As it happened, this week Sound and Music, the UK’s national agency for new music, published an illuminating report called #cancompose, which highlighted a crisis in creativity in music education. As the emphasis on literacy and numeracy in formal education has increased in the past two decades, the space for music has been squeezed and given a lower value than other areas. The effect of this is that we have lost an area which made a significant contribution to nurturing and developing creativity in young people. Sound and Music’s report demonstrates that composition is an A1 way to develop creativity but that now there is very little of it going on in music education any more. Ironic when all evidence shows us that two of the top facets which the citizens and workforce of the 21st century will need are creativity and individual resilience.
I know, from our work at The Glasshouse International Centre for Music, that what this report records is correct. I also know that there is a massive appetite for composing from young people. And they are doing it on their own time in so many different ways – digitally, acoustically, alone, in groups. But not so much in school. At The Glasshouse the range of different kinds of composition going on is really broad – from the eight composers we had in last week working with Royal Northern Sinfonia, building skills in writing music for chamber orchestra, to the 100+ young people who come through our CoMusica programme each week, MCing and Djing to high levels and often using music as a way of getting life back on track, to the 20 musicians who took up residence with us over the summer to create new work in retreat, learning from each other and guest mentors in our Summer Studio, to the weekly adult class where people from all walks of life are taught staff notation for 90 minutes for the pure pleasure of it. These wildly eclectic circumstances and differences in the people involved have a common thread of creativity.
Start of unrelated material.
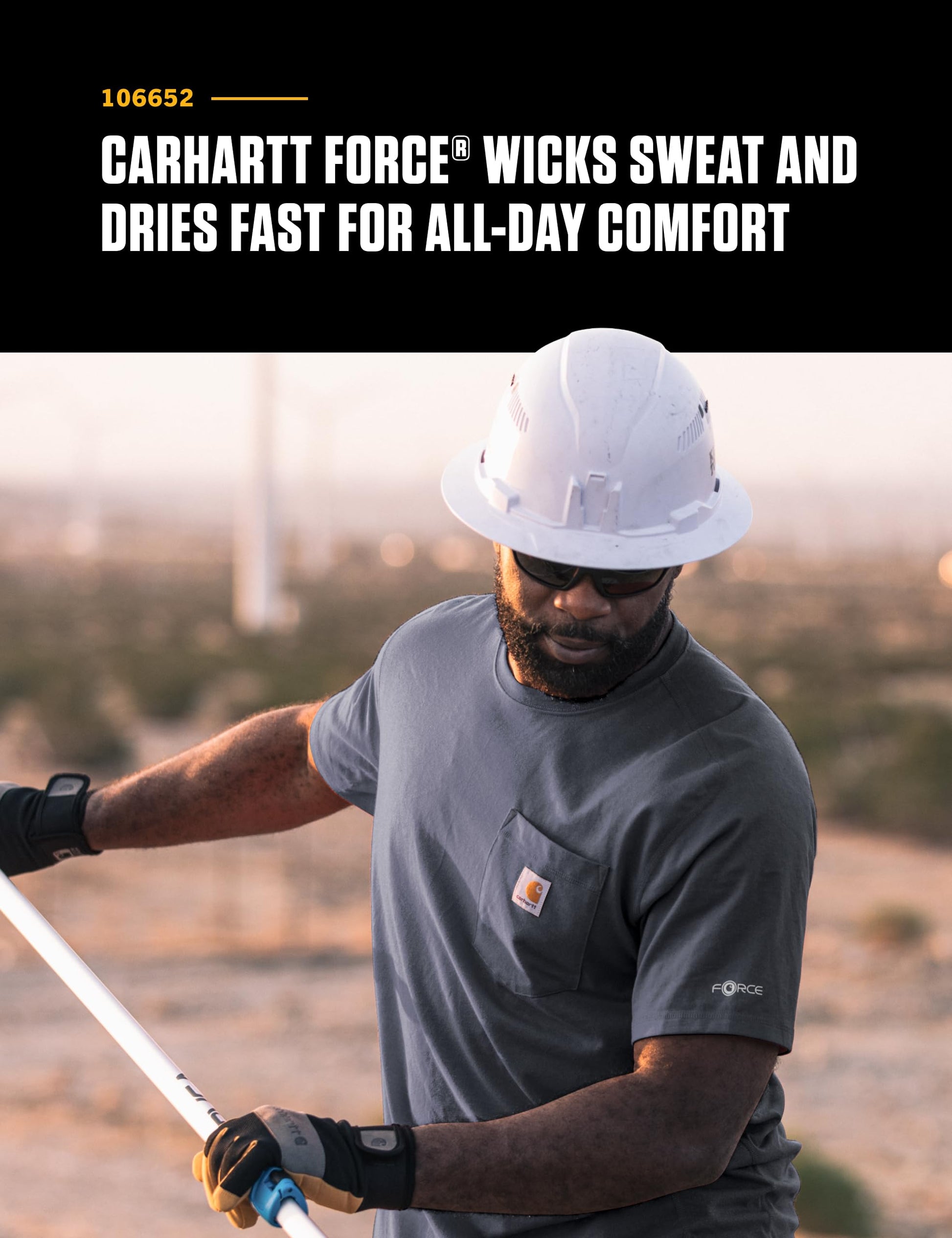 On the job or under the sun, this men's Carhartt t-shirt keeps you cool and comfortable. UPF-rated jersey fights off sweat and dries fast so you can stay focused on the task at hand. Ventilated panels keep the air circulating, and a drop-tail hem provides extra coverage.

And some of this creativity will eventually drive new compositions which rise to the top -which become the Imagines, the Four Seasons, the Vossi Bops, the Wuthering Heights – iconic works which speak to so many of us beyond words. I hope that Sound and Music’s report will start to shift policy so that composition moves back to centre stage in education. We need great music for when words are not quite working for us and we need to nurture young peoples’ creativity to build our collective future.